Saved entries:
· · · · ·

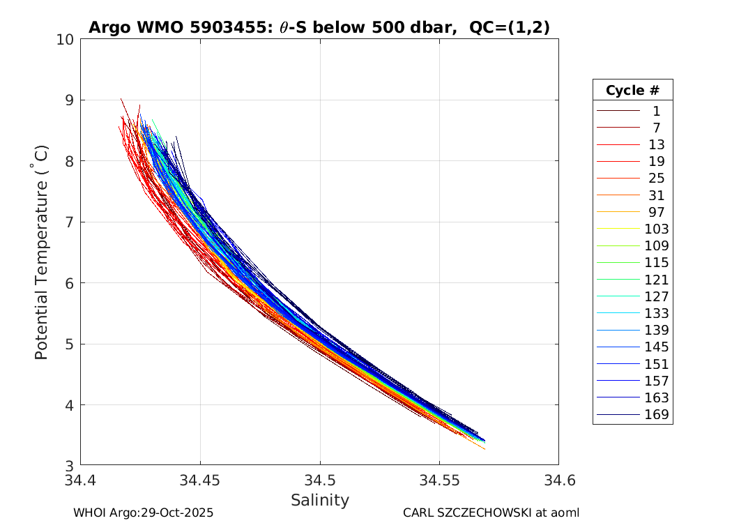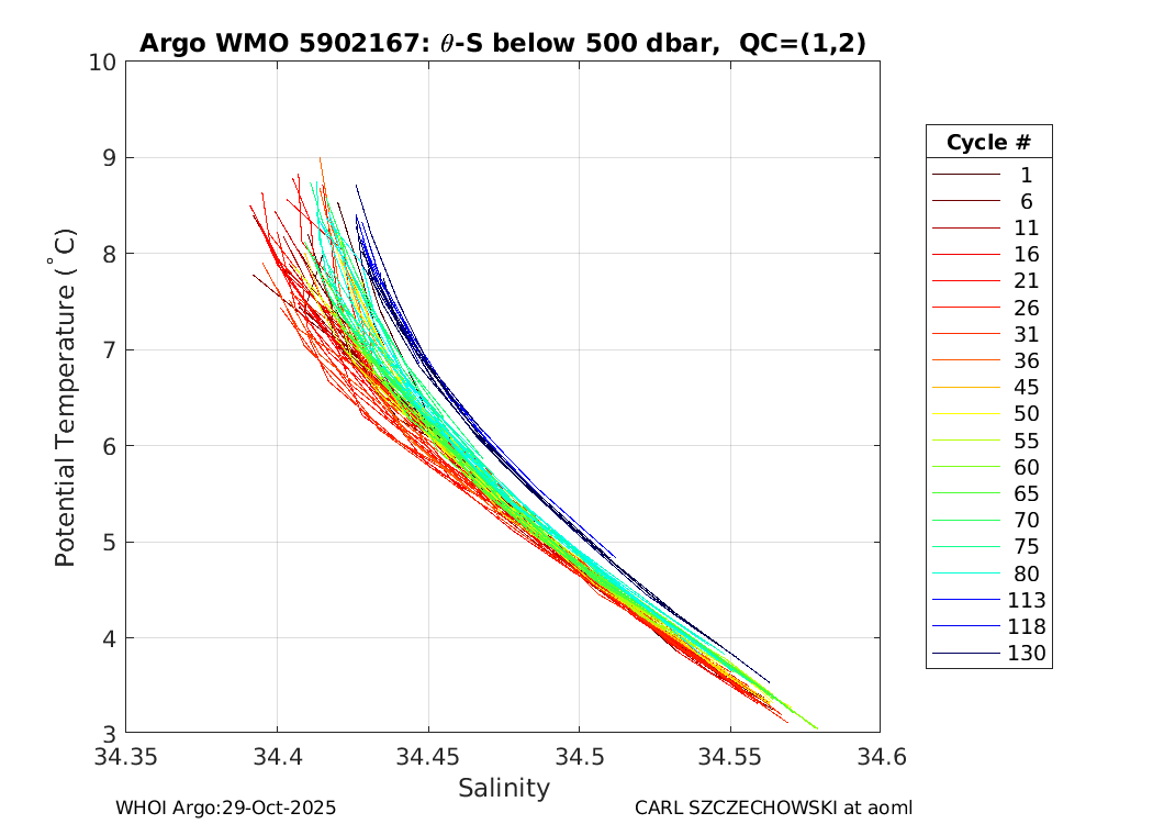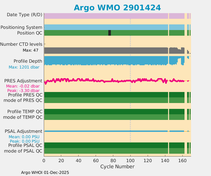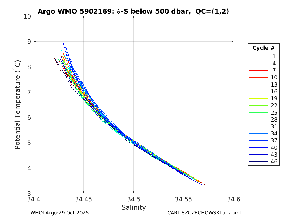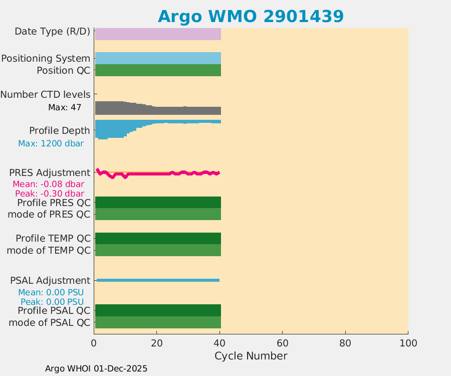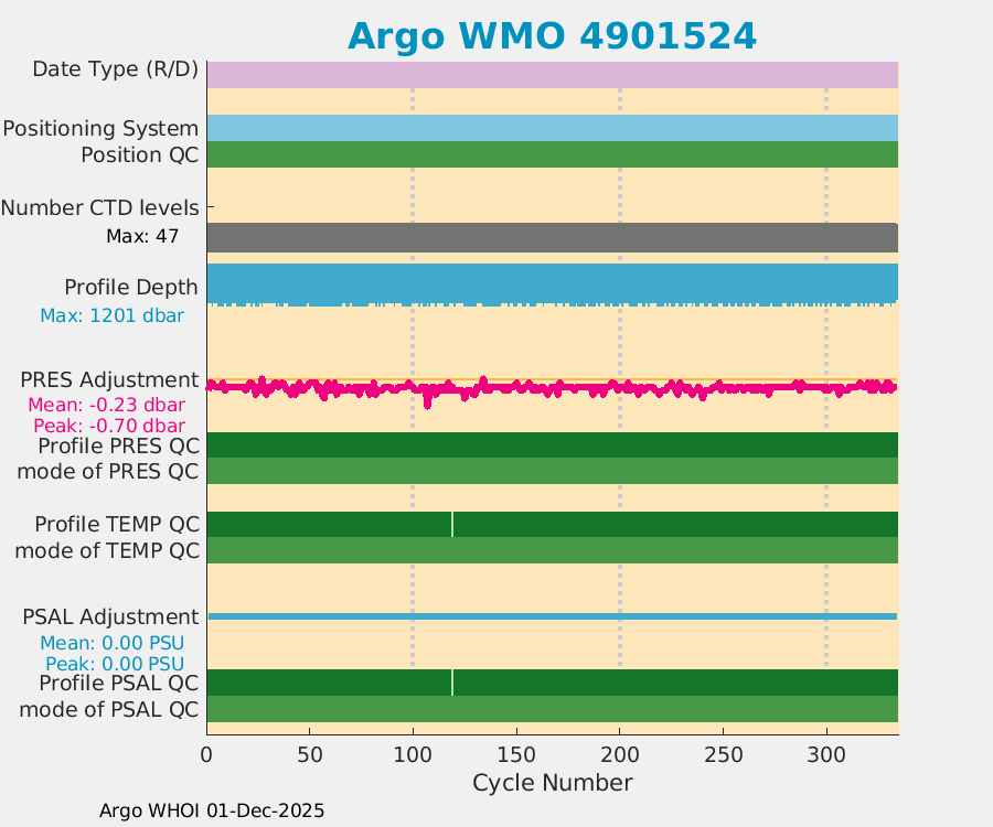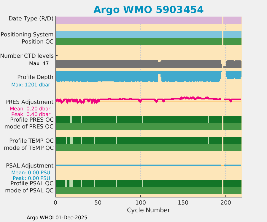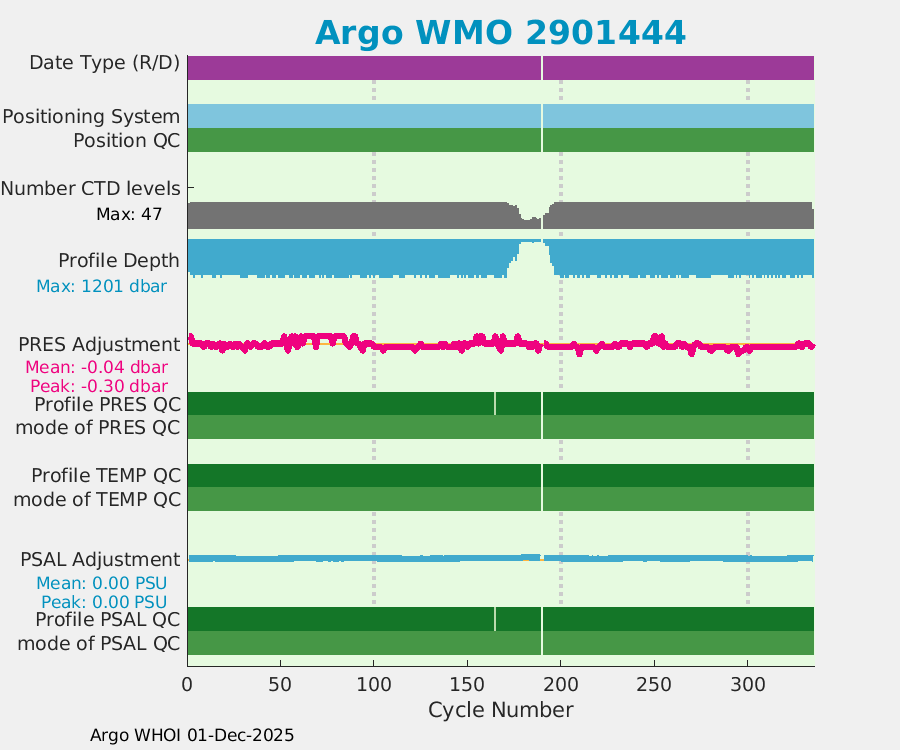 | WMO: #2901444 DAC: aoml PI: CARL SZCZECHOWSKI APEX: #5707 SBE41: #5554 Altimeter Comparison (IFREMER) EuroArgo Link | ![]() |
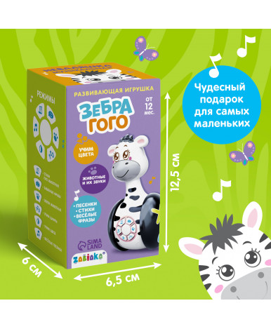 Игрушка называет 10 цветов, воспроизводит 5 стихов, 4 фразы, песенки по одному куплету. Есть счёт до 10.
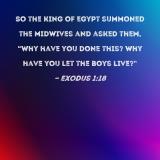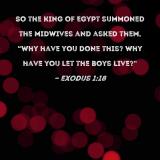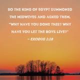 So the king of Egypt summoned the midwives and asked them, "Why have you done this? Why have you let the boys live?"
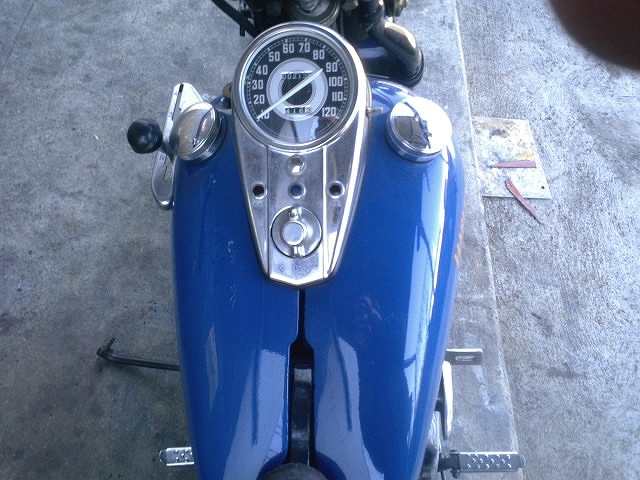 1947年のナックル最終型から採用されていたブルックス・スティーブンスデザインのストレートラインのメーターダッシュ。 |
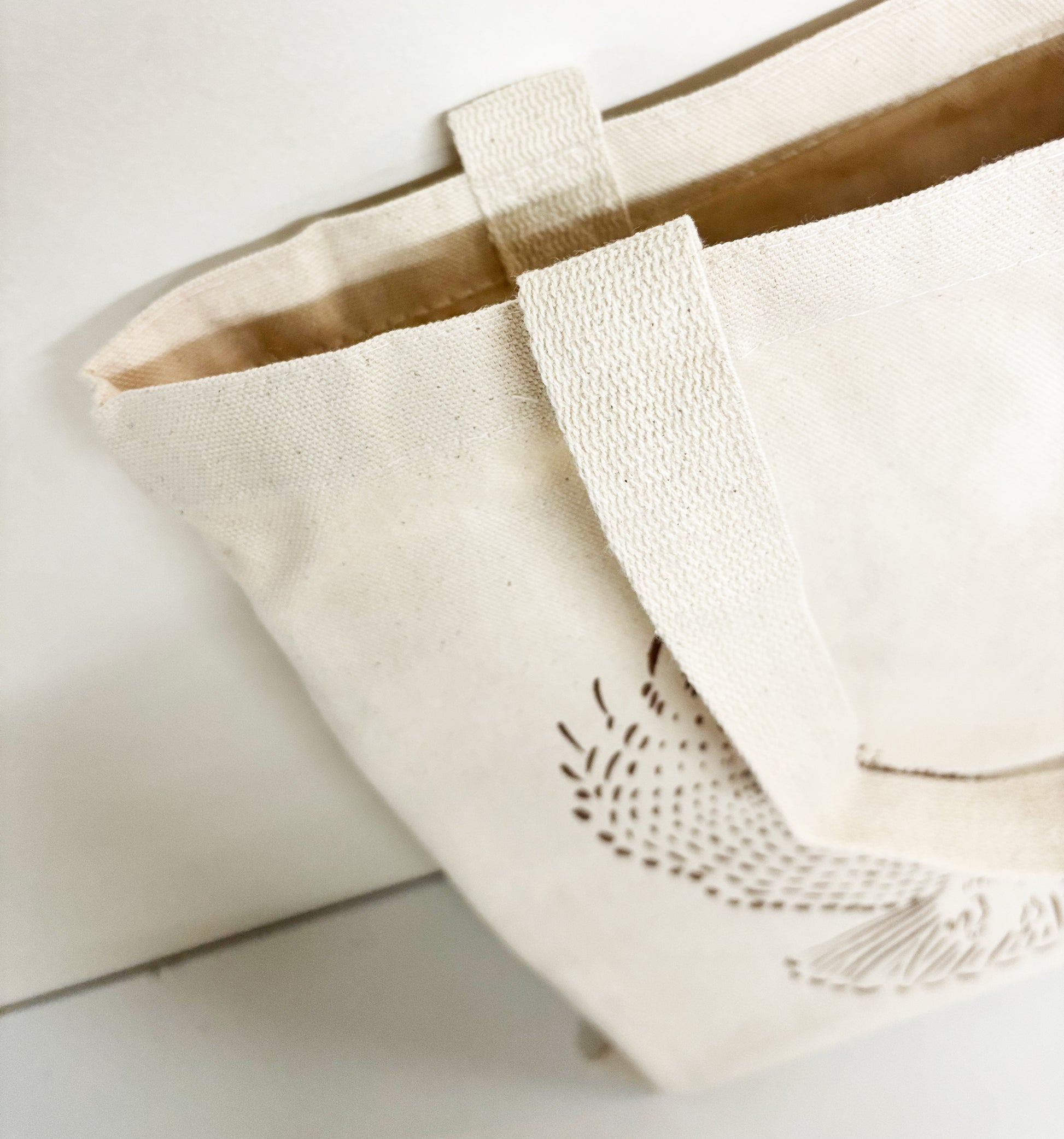 Details: - Bag is 14x16” with Webbed Cotton Handles that are 10” high and stitched for added security - 12ox 100% Natural and Sturdy Cotton Canvas - Hand Screen Printed with Eco-Friendly Ink by Paula in her Toronto studio! - Original Art has been drawn and created as a screen by Paula - print is 10” wide
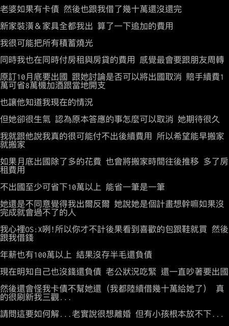 在某板看到他的老婆是錢坑愛亂花錢不顧後果 收入高但負債也不考量現實情況還怪先生 這種情況還有救嗎?或是離婚比較好? -- ※ 發信站: 批踢踢實業坊(www.ptt-website.tw), 來自: 180.217.24.202 (臺灣) ※ 文章網址: https://www.ptt-website.tw/WomenTalk/M.1727702481.A.573
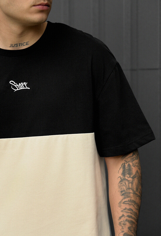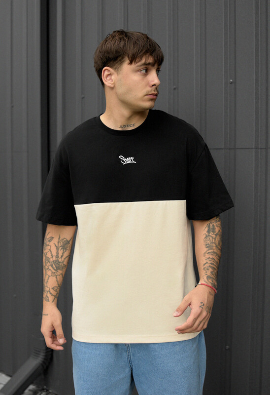 Двухцветная футболка oversize с вышитым логотипом бренда на груди.
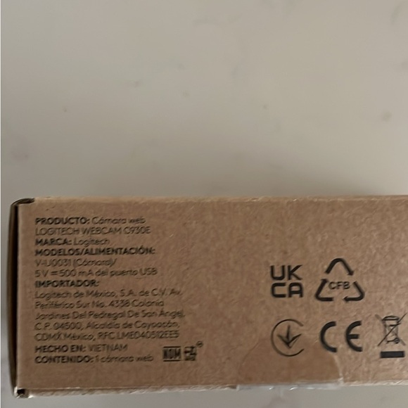 Logitech webcam packaging. Compact and informative. Ideal for tech enthusiasts.
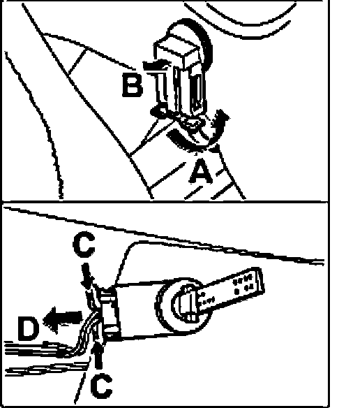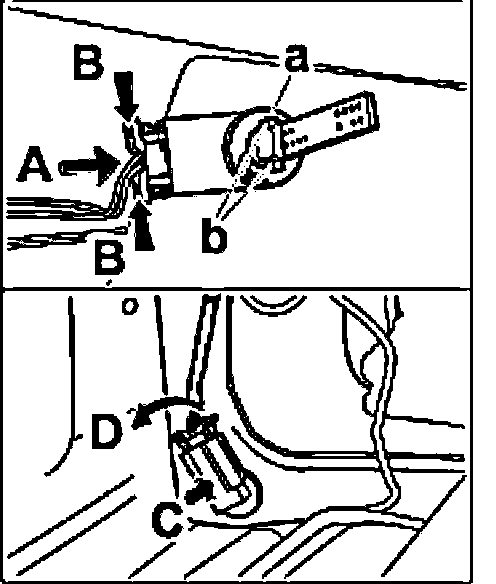 3. Insert temperature sensor -arrow C- and turn it to the inside of the vehicle -arrow D- until the locking tabs -b- engage.
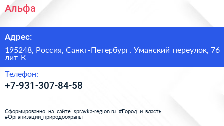 Альфа по адресу 195248, Россия, Санкт-Петербург, Уманский переулок, 76 лит К в дальнейшем Организация, размещена в следующих категориях:
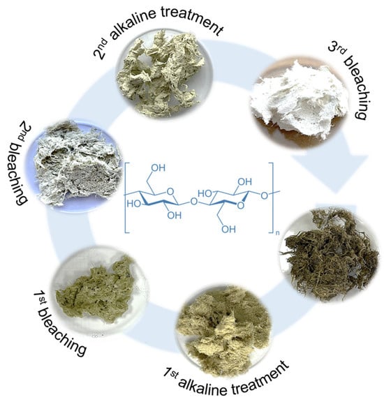 - Zendrato, H.M.; Masruchin, N.; Nikmatin, S.; Wistara, N.J. Effective Cellulose Isolation from Torch Ginger Stem by Alkaline Hydrogen Peroxide–Peracetic Acid System. J. Ind. Eng. Chem. 2024, 131, 376–387. [Google Scholar] [CrossRef]
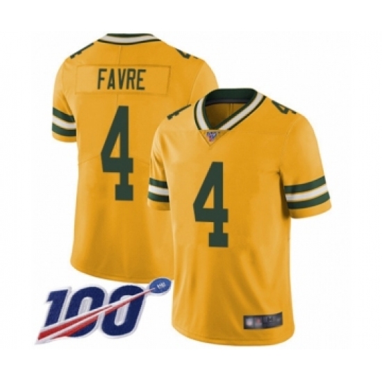 >Men's Green Bay Packers #4 Brett Favre Limited Gold Rush Vapor Untouchable 100th Season Football Jersey
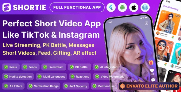 Shortie - Short video & Live streaming app with admin panel | Android, iOS & Web | Tiktok Clone - Shortie is a powerful and fully-featured short video platform built with Flutter for both Android
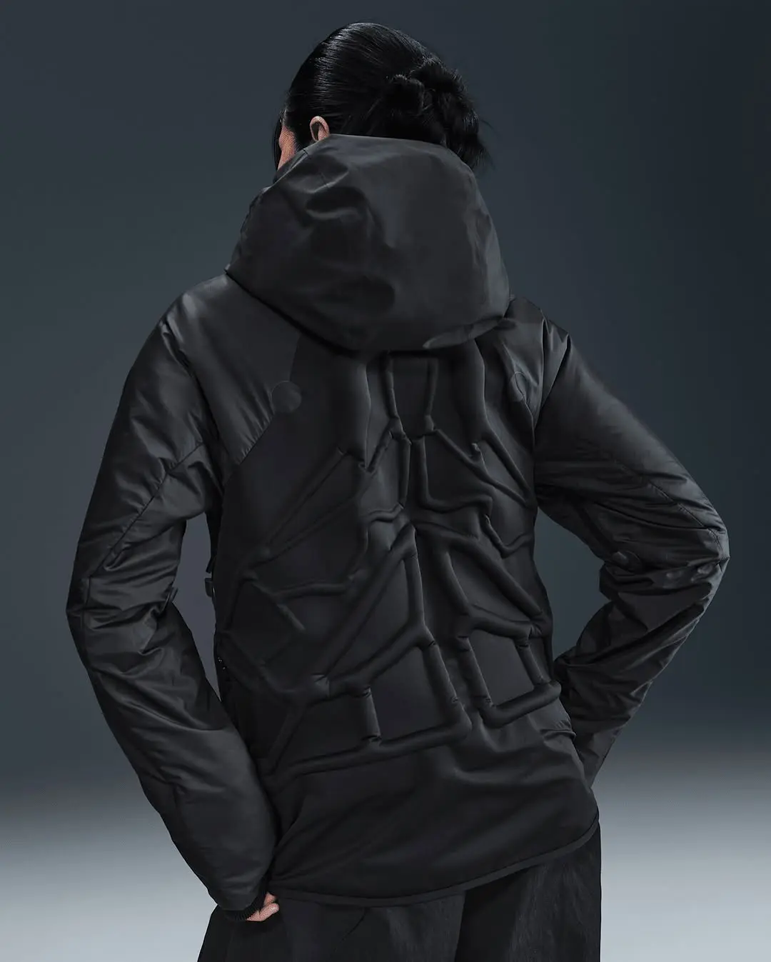 This jacket locks in insulation with manual and electric hand pumps for a customised fit. The insulation in the arms and powder skirt keeps out the cold, while the removable hood doubles as a bag for added convenience.

· · · · ·

- Instructions to follow
From the line containing "Season Football Jersey" down to the last line of the data above, transcribe exactly those lines and no others; omit the pictures.

- Result of this task
 >Men's Green Bay Packers #4 Brett Favre Limited Gold Rush Vapor Untouchable 100th Season Football Jersey
 Shortie - Short video & Live streaming app with admin panel | Android, iOS & Web | Tiktok Clone - Shortie is a powerful and fully-featured short video platform built with Flutter for both Android
 This jacket locks in insulation with manual and electric hand pumps for a customised fit. The insulation in the arms and powder skirt keeps out the cold, while the removable hood doubles as a bag for added convenience.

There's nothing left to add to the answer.